To further validate the advantages of our TransgeneOme lines to label subcellular structures we imaged the large IFMs of the same 121 lines at high resolution. We found various markers for the thick filaments (e.g. the myosin associated protein Flightin, Fln-GFP) (Vigoreaux et al., 1993), for the myofibrils (e.g. the protein kinase Fray-GFP), the M-lines (e.g. the titin related protein Unc-89/Obscurin-GFP) (Katzemich et al., 2012), the Z-discs (e.g. CG31772-GFP) and the muscle attachment sites (e.g. Integrin-linked-kinase, Ilk-GFP). Furthermore, we identified markers for the T-tubules (e.g. Dlg1-GFP), for different vesicular compartments (e.g. the TGFβ receptor Baboon-GFP) and for mitochondria (CG12118) within the IFMs (Figure 7, Supplementary Tables 6, 7). Additionally, we documented the nuclear localisation in IFMs and leg muscles for a variety of fTRG proteins, including the uncharacterised homeodomain protein CG11617 and the C2H2 Zinc-fingers CG12391 and CG17912 (Figure 7 Supplement 1A - C, E - G); both of the latter result in flightless animals when knocked-down by muscle-specific RNAi (Schnorrer et al., 2010) suggesting that these genes play an essential role for IFM morphogenesis or function. Interestingly, the well characterised C2H2 Zinc-finger protein Hunchback (Hb) is only localised to leg muscle nuclei, but absent from IFMs suggesting a leg muscle-specific function of Hb (Figure 7 Supplement 1G, H).

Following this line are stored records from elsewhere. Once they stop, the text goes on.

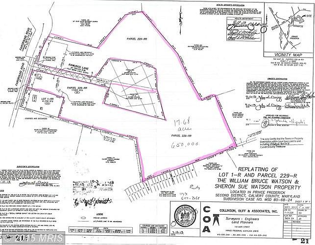 18.639 acre in Prince Frederick Town Center. Sale consists of 30 Fairground Rd and 110 Fairground Rd. High traffic area between county Park N Ride, church, across from Calvert High. Potential for many uses, residential, school, church etc! Additional properties may also be available for purchase. Developers/Investors this is an opportunity with excellent pricing and great possibilities.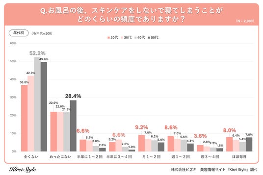 入浴後スキンケアをせずに寝てしまうことがある人は若年層ほど増加する結果に!20代では約4割が該当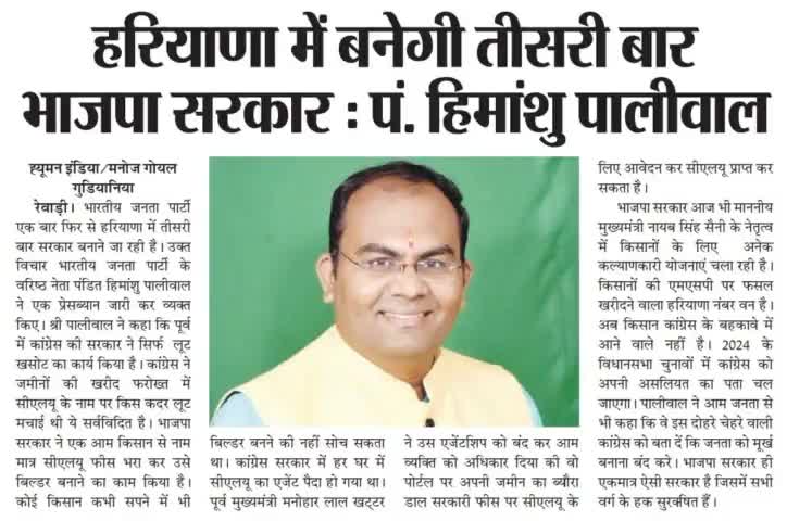 हरियाणा में तीसरी बार बनेगी भाजपा की सरकार

However, differences between muscle types are not only controlled transcriptionally but also by alternative splicing (Oas et al., 2014; Spletter and Schnorrer, 2014; Spletter et al., 2015). To investigate if our tagging approach can be used to generate isoform-specific lines, we have chosen two prominent muscle genes, mhc and rhea (the fly Talin), both of which have predicted isoforms with different C-termini (Figure 7 Supplement 2A, H). Interestingly, we found that Mhc-isoforms K, L, M are expressed in IFMs and all leg muscles, however the predicted Mhc-isoforms A, F, G, B, S, V with the distal STOP codon are selectively expressed in visceral muscle and in a subset of leg muscles, however absent in adult IFMs (Figure 7 Supplement 2B - G). Even more surprisingly, while the long ‘conventional’ rhea (Talin) isoforms B, E, F, G show the expected localisation to muscle attachment sites in IFMs and leg muscles (Weitkunat et al., 2014), the short Talin-isoforms C and D do not localise to muscle attachment sites, but are selectively concentrated at costamers of leg muscles (Figure 7 Supplement 2I - N). Hence, our TransgeneOme library is ideally suited to label subcellular compartments and protein complexes, and in some cases can even distinguish between closely related protein isoforms.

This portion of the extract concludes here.